A fairly common scene played out over the weekend. We left the house to do a bit of yard sailing and errand-running around nine. Got home around noon with a box of candle making equipment I paid a dollar for at a moving sale (anybody have any good recommendations on where to learn candlemaking?) and a crock pot (still in the box, from that same sale).
We're looking into using a combination of slow-cooked recipes and batch cooking to reduce the amount of cooking required after work. Between Amber's chronic pain and the fact that I work until 8 and she has to be in bed at 10, even a recipe that takes half an hour takes a lot of our evening.
But anyway, we got home from our errands. I booted up the computer and messed around for a while, and took a nap. I started dinner but didn't feel like getting up when the timer went off, so Amber served. I apologized for my laziness.
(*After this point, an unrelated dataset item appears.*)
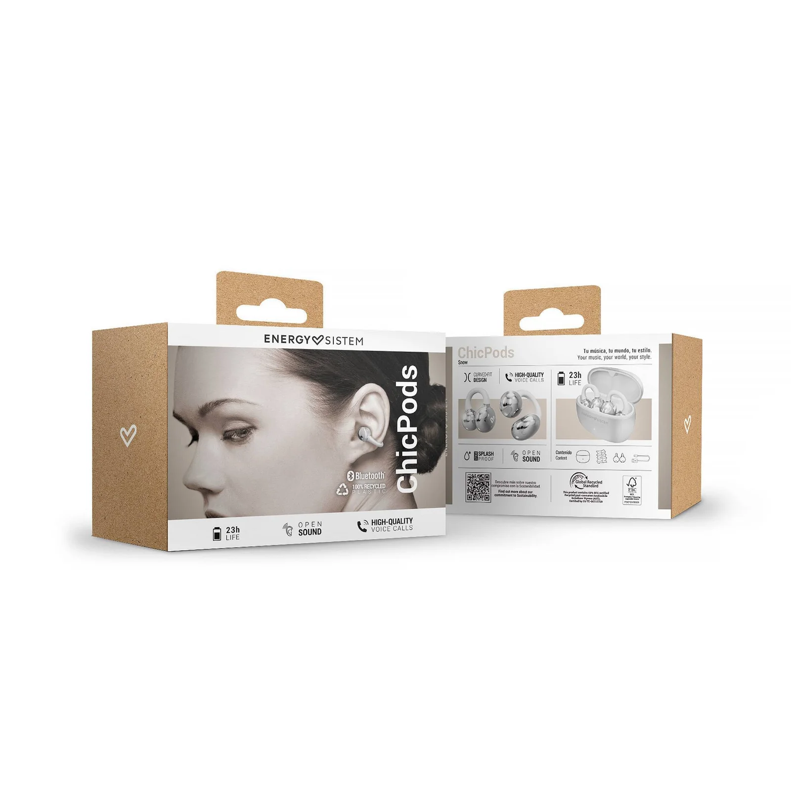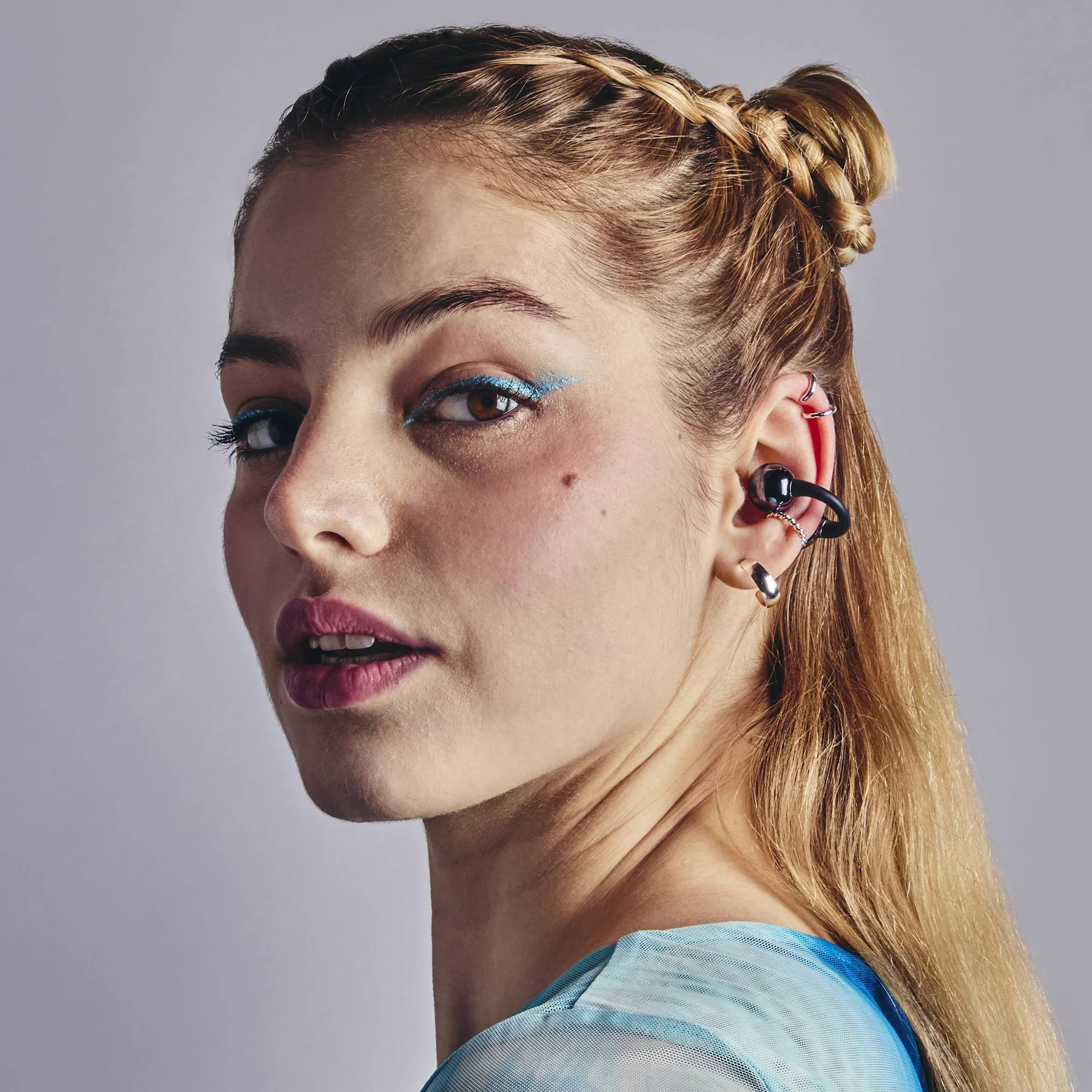 Designer earphones with Open Sound technology for a sound experience that won't isolate you from the world around you. With Bluetooth 5.4 and True Wireless Stereo, play your music wirelessly for 23 hours or answer your calls with the clearest voice thanks to the microphone's ambient noise cancellation (ENC). IPX4-certified water resistance and a Curved-Fit system ensure a comfortable fit. Now you can wear your music in the most chic way.

She looked at me like I was being ridiculous, and pointed out that I had done two loads of laundry and one of dishes, cleaned the bathroom as well as the kitchen counters, neatened the bedroom, watered the plants, and swept in addition to starting dinner.
I had failed to count all of those things, either because they used appliances (laundry, dishes) or because they were jobs that I didn't consider myself "good at" and therefore I assumed somehow that since I probably hadn't done them perfectly, I didn't really do them. This is a thing I am going to need to work on if I'm going to be the proud householder Mara wants me to be.
I am pretty sure I come by my neuroatypicalities honestly and at least partially genetically. My dad was finally diagnosed with an anxiety disorder a few years ago. When I was in high school, he was laid off, so he kept busy around the house. I used to come home from school to find the kitchen smelled so strongly of bleach than I couldn't eat in it. He would rake the leaves in the wooded areas of our property. And there was never any making him happy. I could spend an hour or two cleaning my room, but it wasn't ever clean enough and I never had enough space to put everything away to his satisfaction. I did all my chores and never heard about it unless I messed something up or did it wrong, which was often.
But I can't honor anything with my housework if I don't see and appreciate it for the work it is. I need to be more cognizant of the fact that I do it. I need to make sure I'm doing it well if I'm worried I'm not. I need to enjoy the feeling of a clean house, rather than seeing housework as something I do merely to avoid the nagging feeling that I should go straighten up the living room in the middle of the night.
I should do it with joy, or at least with confidence. That's my goal.